This is a staple recipe that everyone should have in their recipe book. Chicken stock from scratch is 1 million times better than store bought. Of course we don’t always have the time to make it homemade, but when you do it’s totally worth it. I love making a big batch and putting it in the freezer into litre containers. Whenever I need stock for a risotto, gravy or to make chicken soup when someone’s feeling sick it’s so convenient to have on hand.

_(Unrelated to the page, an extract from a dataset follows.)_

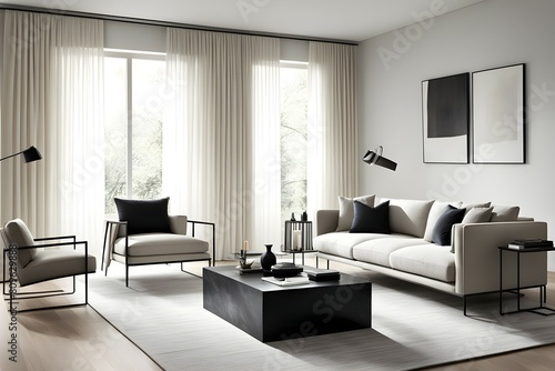 Minimalist living room. furniture has a modern and minimalist design, with a sofa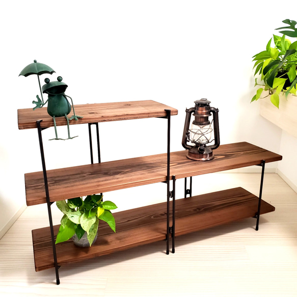 | 商品の特徴 | □□折りたたみ キャンプギア□□ 持ち運び楽らく 軽量 アウトドア。おしゃれ アイアンラック 幅120cm》軽量折りたたみ /キャンプ。アイアン ラダー ラック (2脚セット)》折りたたみ シェルフ イベント。【セット内容】 鉄脚1脚+板4枚 保護キャップ付 鉄脚は黒皮鉄クリア仕上げです。 【サイズ】 《全体の高さ》 左上段 80cm 右上段 63.5cm 《 板 (杉) 》 上段 各50cm(3枚) 下段 100cm (1枚) 奥行き 24cm 厚み 1.9cm※板はウォルナット色ですが、天然木ですので色は若干誤差がでてきます。 《 重さ 》 約 8㎏ 耐荷重//30㎏試して大丈夫でした各段の板の端っこに物を置いてもひっくり返らないようにしました。★☆左右を変更可能(無料)☆★ ご購入の際 備考欄に【左右反対に変更】とご記載ください。■□■□■□■□■□■□■□■□ ★観葉植物・多肉植物・エアプランツ・本棚★ ☆イベントやフリーマーケットの出店に☆ ★アウトドア・キャンプをおしゃれに★軽くて組み立ても簡単なので、様々なシーンで活躍できるアイアンラックです。 鉄(アイアン)と愛媛県の天然木を組み合わせ 【どこででもかっこよく&かわいく】見た目・耐久性・持ち運びできるetc, , , , ,に こだわって作りました。 ★☆★お願いごと★☆★全ての作品、1つひとつ手作りでご購入者様に喜んでご愛用していただけるように丁寧に製作し 検品して発送していますが万が一、初期不良がありました際は到着から3日以内にご連絡ください、初期不良以外での お客様都合による返品は受け付けておりません。手作業によるサイズの微妙な誤差 色のムラ かすれ等がある場合もございますことをご理解ください。。Amazonで買える!】便利でおしゃれなキャンプラックを紹介 | キャンプ。【東京都内23区配送無料】無印 ステンレスユニット メタルラック 棚 陳列 収納。無印 ステンレスユニットシェルフ。YS。アイアンシェルフ アイアンラック 多肉植物 アガベ ライトレールバー。無印良品 ステンレスユニットシェルフ 幅84cm ウォールナット【着払】。Montana モンタナ パントン ワイヤーシェルフ リプロダクト シルバー 3。KSK ガンロッカー CS型 2挺入れ | ||

Trust me when I tell you that making it at home is easy, economical and tastes so much better than store bought. You would be really surprised to see what ingredients are used in store bought chicken stock. Ingredients like, sugars, caramel colour, natural flavours and seed oils just to name a few. Seed oils are highly inflammatory for the body and I like to avoid these oils as much as possible. When you make stock at home, or anything homemade for that matter, you can control what ingredients are going into your food and you can ultimately control what you are putting into your body.

 


Rating: 1 out of 5.

Prep time: 5 minutes

Cook time: 5-6 hours

Total time: 6 hours

Servings: 4-6

Ingredients

  • 10 chicken drumstick
  • 4 dried bay leafs
  • 1 head of garlic, peeled
  • 3 large onion, cut into quarters
  • 4 large carrots, peeled and cut in half and into quarters
  • 1/2 tbsp whole black pepper corns
  • 1 large bunch of fresh parsley
  • 1 tomato, cut into large quarters
  • Salt to season

Directions

  1. Place everything in a large stock pot. Cover with water. Bring to a boil. Once at a boil, lower the heat to low and simmer for 5-6 hours. If you find that it’s reducing too much you can add more water but you will just need to simmer it longer. You can honestly simmer this all night to make a very concentrated bone broth.
  2. Once it has finished cooking, remove the bones, celery and herbs. Strain the broth to remove any small bones and the chicken meat back into the stock.